Evans includes two versions of the song Brand New You from Jason Robert Brown’s 13. One of the recordings is fully backed with singers and full jazz funk band sound, the other is simply Evans solo with acoustic backing. The comparison and contrast is delightful, and with the composer shortly to direct the show’s West End debut, the inclusion of this song is also a delightful coincidence. It is also a brave choice of song, given that whilst Brown penned it for a young-teen voice, Evans performs it with credibility and passion.

Two of the recordings see Evans duet with accomplished friends . With Ashleigh Gray he delivers an upbeat rendering of Alive, and touchingly, with Siobhan Dillon, with whom he currently co-stars in Ghost, a delicate performance of Unchained Melody that evokes in its tenderness the professional closeness and respect that these two individuals have clearly developed for each other.

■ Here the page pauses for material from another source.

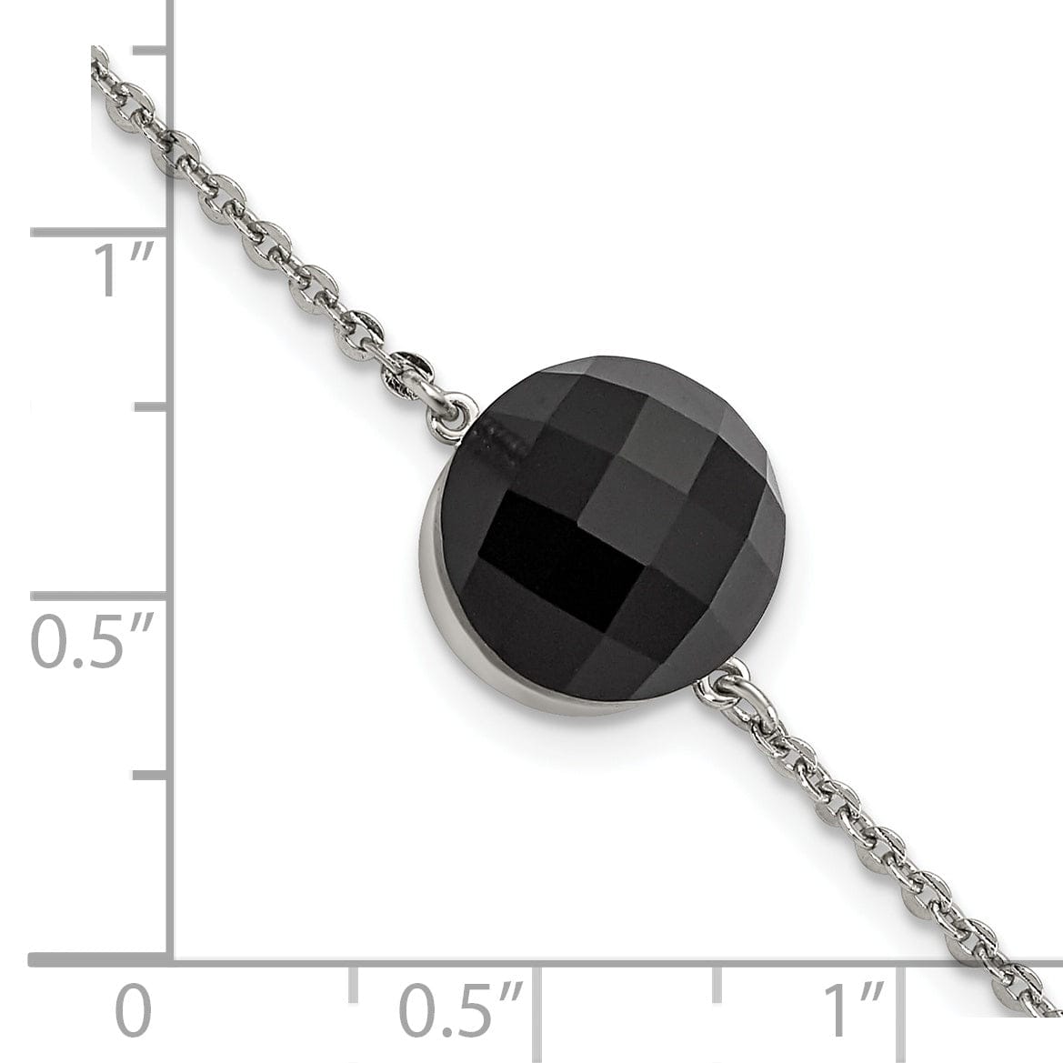 Enhance your wrist with this stunning Stainless Steel Polished Dark Brown Glass Bracelet. Crafted with high-quality stainless steel and dark brown glass beads, this sophisticated piece adds a touch of elegance to any outfit. The polished finish gives it a sleek and modern look, while the 1" extention allows for a customizable fit. Whether worn alone or stacked with other bracelets, this versatile accessory is perfect for both casual and formal occasions. Elevate your style with this timeless and chic Stainless Steel Dark Brown Glass Bracelet.

The album above all is a delightful selection of songs that are important to Evans, and confirms him as a leading talent of his generation. Predominantly the choice of songs is a reflective selection and if there is one observation, it is the album could perhaps have been made a little more exciting with an inclusion of one or two songs that would have allowed the singer to vocally swoop and soar. The album’s geographical heritage suggests a nod to John Owen Jones who is some years Evans’s senior and represents possibly a pinnacle of musical theatre achievement. The voice of Mark Evans however suggests that he too is already a fine tenor, and that the Welsh contribution to leading West End performances is in safe hands.